APPEAL from the Circuit Court of Du Page County; the Hon. SILVANUS WILCOX, Judge, presiding.

This was an action on the case brought by appellee in the Superior Court of Cook County against the Chicago City Railway Company, and Michael Moran, the conductor. The testimony was voluminous, but the conclusions of fact therefrom are stated in the opinion.

Messrs. HITCHCOCK, DUPEE & EVARTS, for the appellants.

Messrs. COOPER & PACKARD, for the appellee.

Mr. JUSTICE WALKER delivered the opinion of the Court:

This was an action on the case, brought by appellee in the Superior Court of Chicago, against appellants to recover damages for injuries claimed to have been received by being ejected from the cars of the company. The venue was subsequently changed to the circuit court of Du Page County, where a trial was had before the court and a jury, resulting in a verdict and judgment for $12,000 against appellants.

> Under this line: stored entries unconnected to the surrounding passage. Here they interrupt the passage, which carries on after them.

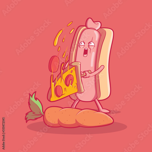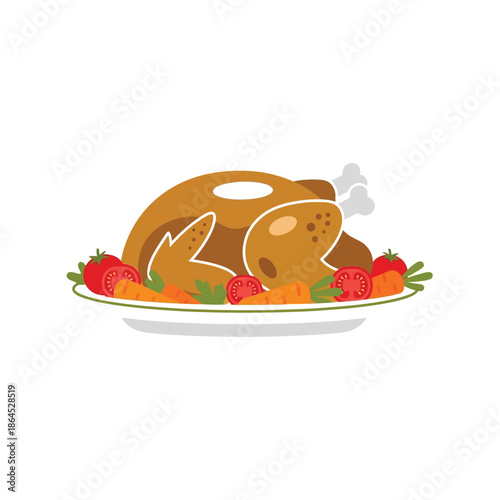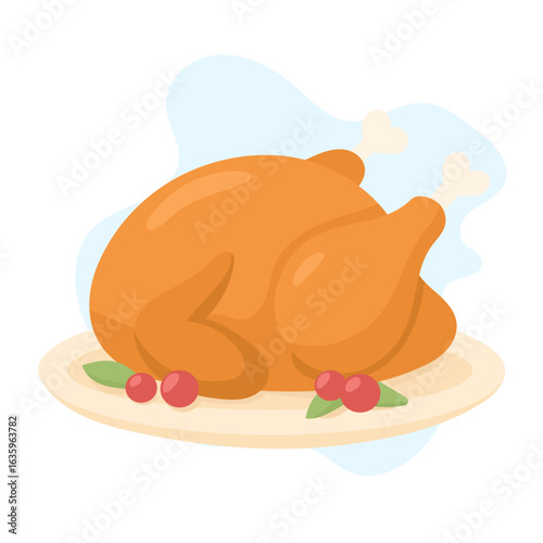 Векторная иллюстрация женщины, держащей поднос с жареной индейкой на день благодарения в стиле комиксов ретро-поп-арта. Речевой пузырь.
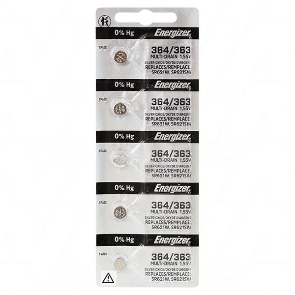 Energizer 364/363TZ Silver Oxide Button Cell Battery 5-Pack 1.55V, 19mAh for Watches & Precision Devices
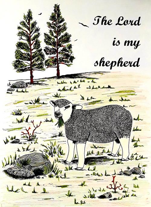 From the Designer: "In Psalm 23, David likens God to a shepherd that cares for his flock. In the Psalm he describes how God makes us lie down in green pastures, which means that He looks after us, protects us and cares for all our needs. This coloring page offers the ideal reflection during Bible Study when this Psalm is the topic under discussion."
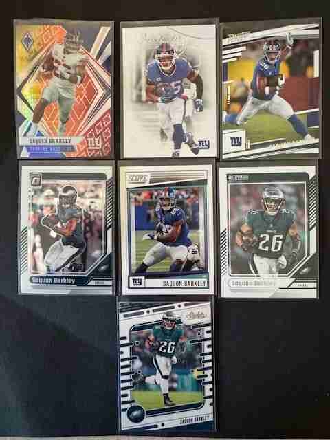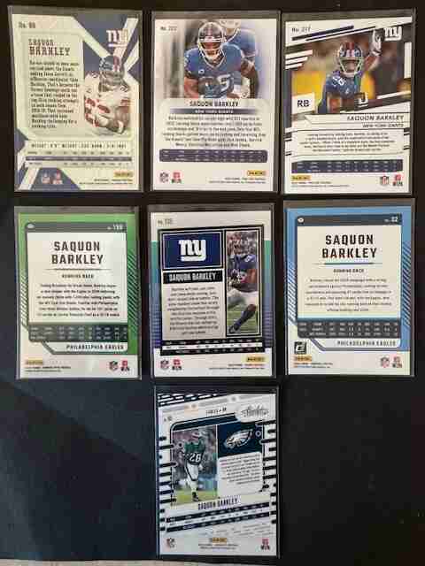 7-card SAQUON BARKLEY Lot: Giants/Eagles-Fire Burst, Optic
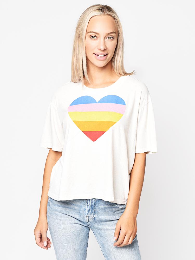 Everybody say love… with the Sundry Women`s Rainbow Heart Boxy Tee.
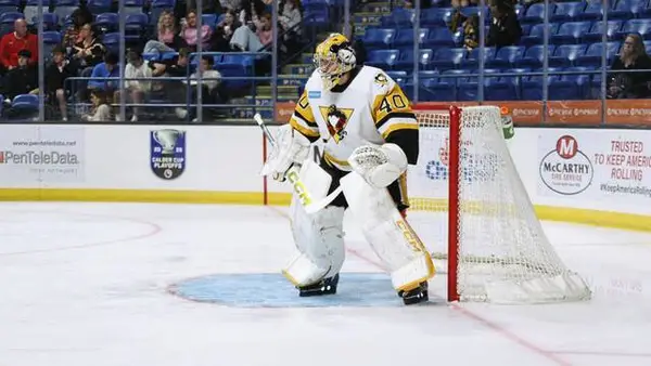 Penguins goaltender Maxim Pavelenko made 17 saves on 18 shots in regulation and overtime then stopped all three shots he faced in the shootout.
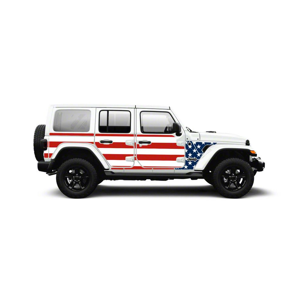 Patriotic Flair. Show off your patriotism while protecting your Jeep with the 4x4 Attitude Action Shield Body Armor; Patriot USA. Sporting a striking Patriot USA design, this body armor not only shields your vehicle but also makes a bold statement. The high-resolution graphics are UV-protected to ensure they don't fade over time, letting your patriotism shine through for years to come. Crafted from heavy-duty materials, the Action Shield Body Armor is engineered to withstand the harshest of terrains and weather conditions.
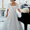 This one-of-a-kind dress was crafted using luxurious fabrics imported from Spain, including delicate Spanish lace, sumptuous silk, and rich taffeta. The structured bodice and graceful off-the-shoulder sleeves offer a regal silhouette, while the removable 25-foot taffeta train and matching chiffon veil add drama and romance in every step. St. Patrick has an incredibly long aisle, and the long train completed the feeling of royal elegance.
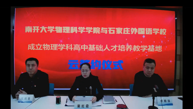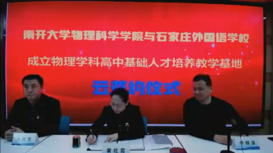 出席云签约仪式的人员有:91探花入口 院长张国权、副院长孔勇发、党委副书记兼副院长张学良;物理学科高中基础人才培养与教学实践计划执委会主任吴雨浓、副主任张立军、秘书长杨昭、办公室老师杨雅馨;石家庄外国语学校校长裴红霞、副校长刘树青、高中部主任李朝强;汝州市第一高级中学校长张新讲、学生发展中心分管领导陈育峰、教师发展中心分管领导刘占营、强基办公室主任闫团正、校物理组组长范好、高一年级物理组长王亚鹏等。
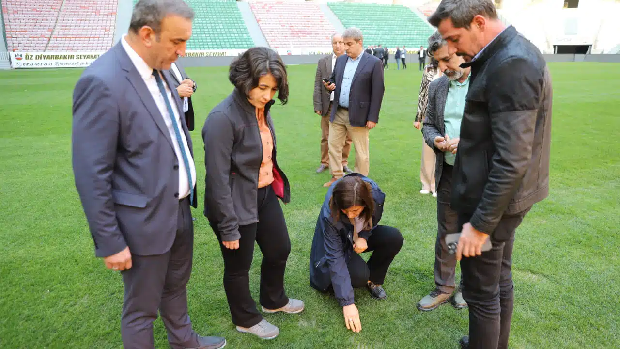 Diyarbakır Büyükşehir Belediyesi Eş Başkanları Serra Bucak ve Doğan Hatun, Diyarbakır Stadyumu’nda inceleme yaptı.
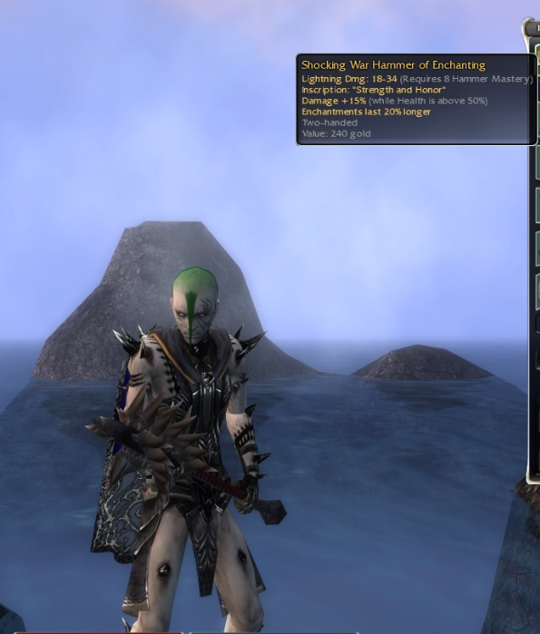 Celestial compass is a cool item, but for this char I'm thinking less subtle - it's a max size necro with obby spikes sticking out of him and a bright green mohawk after all. I think the main remaining challenge is a cool dyeable offhand for 40/40. Bleached skulls do dye, but look terrible in green. Haven't yet found many alternatives tho.
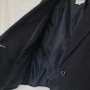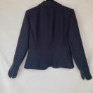 ツイード、ネイビーカラーのテーラードジャケット、テクスチャー仕上げで洗練された印象。
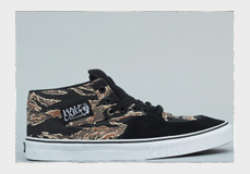 Our newest Half Cab is a Tiger cam colourway. It has a black toe area and a durable mixed canvas with a repeating tiger camo print throughout. These have a white outsole and a trusty waffle sole unit. We have the classic SK8-Hi Reissue in a Vintage Tibet colourway which is a deep red. This has the original high top construction, a suede upper and high canvas sidewalls finished off with a white side stripe and outsole aboard a waffle sole. Our newest Half Cab Pro is the Blackout colour. This Half Cab Pro as always has advanced cushioning and increased durability. This stealthy all black number is made of super tough synthetic nubuck, the only break in this colour code is a red Vans heel tab. We received two regular Sk8-HI’s, one is True White and the other is Navy. There is a new TNT 5 in Black/Charcoal. Tony Trujillo’s pro shoe is the best it has ever been. It has a Co-Molded PU3 footbed with Impactsorb designed to eliminate the heel bruise factor without losing any boardfeel. It has a black upper with a grey side stripe and a dark gum outsole.
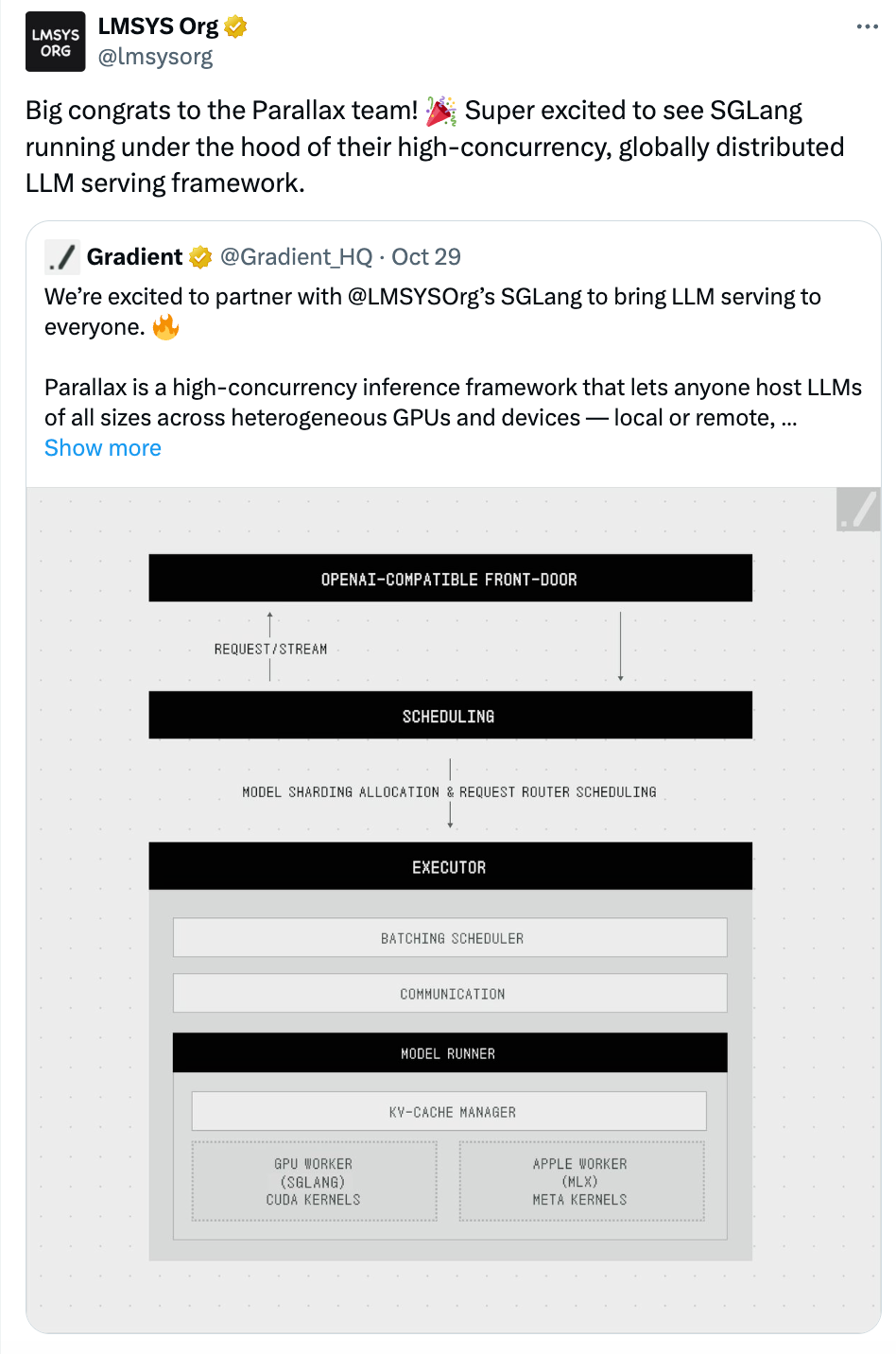 大家可能已经熟知 LMStudio、Ollama、Exo 等本地 AI 项目。而近期,一个叫 Parallax 的开源 AI 项目又频频出现在开源 AI 行业朋友圈中。阿里千问、Kimi、智谱 Z.ai、MiniMax、SGLang/LMSys 通通转发打 call 。
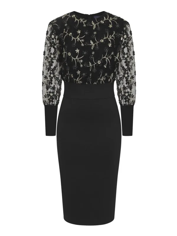 Type sluiting: Ritssluiting; Halstype: Ronde hals; Motief: Bloemenprint; Details: Borduursels, Gedrapeerd; Lengte: Knielengte; Pasvorm: Aansluitende pasvorm; Armlengte: Lange mouw
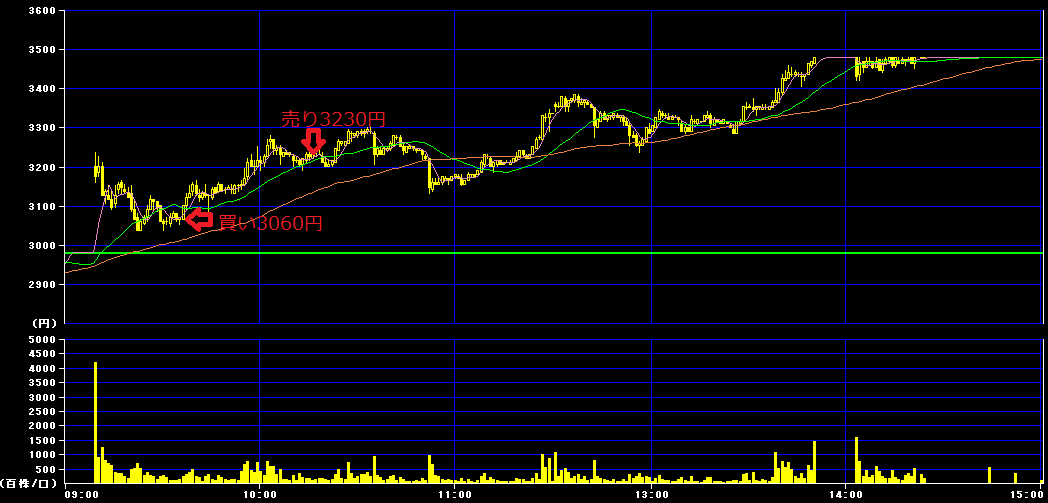 9時35分に3060円で200株買いインし、10時17分に3230円で利確。
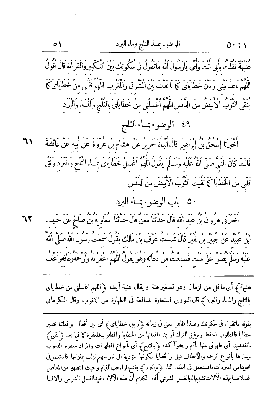 هُنَيْهَةً أَيْ مَا قَلَّ مِنَ الزَّمَانِ وَهُوَ تَصْغِيرُ هَنَةٍ وَيُقَالُ هُنَيَّةٌ أَيْضًا اللَّهُمَّ اغْسِلْنِي مِنْ خَطَايَايَ بِالثَّلْجِ وَالْمَاءِ وَالْبَرَدِ قَالَ النَّوَوِيُّ اسْتِعَارَةٌ لِلْمُبَالَغَةِ فِي الطَّهَارَةِ مِنَ الذُّنُوبِ وَقَالَ الْكرْمَانِي

It is first urged that the verdict is clearly against the evidence. The evidence is conflicting, and as it is the province of the jury in such cases to weigh it, unbiased, and free from extraneous considerations, we shall forbear to comment on its weight, as the case must be submitted to another jury when the same evidence will no doubt be again introduced.

When the evidence is attentively considered, we are irresistibly forced to the conclusion that the verdict is glaringly excessive. The injury bears but a slight comparison to the damages awarded. It is proved, and seems not to be contradicted, that appellee arose immediately after striking the ground, pursued the car, overtook, and caught hold of it, and called upon persons present to witness and remember the circumstances. He seems to have walked a considerable distance the same evening after the occurrence, and went to work the next day as usual, but swears he felt sore and a little dizzy. On being examined by his physician, some six or eight days after, no abrasion, contusion, or other external injury to the head was discovered, nor apparent injury to any portion of his body. In all of this we have nothing that indicates severe injuries. But some ten days later, when another physician was called in consultation, the appearance of a depression was discovered on one side of his head. But whether natural, accidental, and of long or recent standing does not appear. Nor do we see that it was caused by the fall from the car.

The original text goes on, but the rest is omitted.